If he had any idea I was a Jew, Renia thought, he wouldn’t be so nice.
She could hear the guards arguing in the main hall. The young gendarme kept his word. “No, we can’t assume she’s Jewish,” he said. “She crossed the border with me many times. Just last week, I inspected her papers en route from Warsaw to B?dzin. We should release her right away.”
But the older, stricter officer—the one who’d beaten her the night before—was not having it. “You didn’t know that her papers are fake,” he said. “Now we know that Warsaw papers with this stamp are frauds.” Wild laughter. “This is her last ride. In a few hours, she’ll sing like a canary and tell us everything. We’ve had plenty of songbirds like her.”
Every few minutes, the gendarmes opened her cell door to see what she was doing. They laughed mockingly. Renia wanted so badly to retaliate, to taunt them for their smugness. She did not stay silent. “Does this make you happy?” she jabbed. “To hurt an innocent woman?” Silently, they shut the door.
At ten o’clock, the door opened wide. Ilza was there. The gendarmes led them both to the main hall, handcuffed them, and told them to take all their belongings.
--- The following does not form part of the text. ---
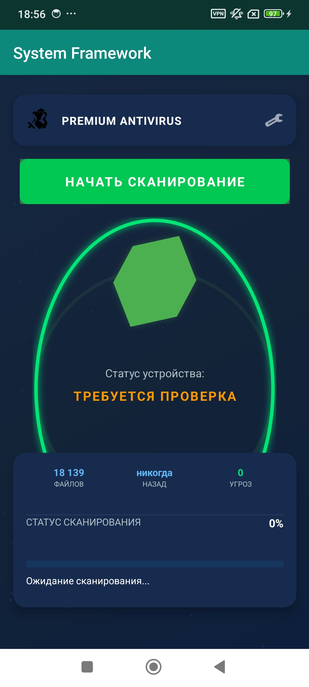 Пользовательский интерфейс приложения представляет собой имитацию интерфейса антивирусного приложения, извещающего пользователя о необходимости произведения сканирования устройства.

Renia’s watch, jewelry and other valuables were put into the bag of a Gestapo officer who now accompanied them back to the train station.
As they left, the young gendarme looked at Renia sympathetically, as if to let her know he’d tried to help but was unsuccessful because her crime was too severe.
The train arrived. The passengers stared as the Gestapo man shoved them into a special car and locked it. A prisoners car. Through the small window, a ray of light tried to comfort them, provide a momentary reprieve from the bleak thoughts about the hours to come.
The Gestapo man kept warning them of the terrible things that lay ahead. “We’ll find out everything at the Gestapo office in Katowice,” he said. He slapped their faces and didn’t allow them to sit the entire way.
When they disembarked, a crowd of passengers followed them, wondering why these two young women had been arrested.
The girls were tied together. The handcuffs were tight, cutting Renia’s skin. Ilza was pale, shaking. Renia felt sorry for her. She was so young, just seventeen. Renia whispered to her, “Do not to confess that you are Jewish, ever. And do not say a word about me.”
The Gestapo man kicked her. “Move faster.”
After thirty minutes of walking, bound, they reached a narrow street and a large, four-storey building decorated with German flags and swastikas. The Gestapo office took up the entire edifice.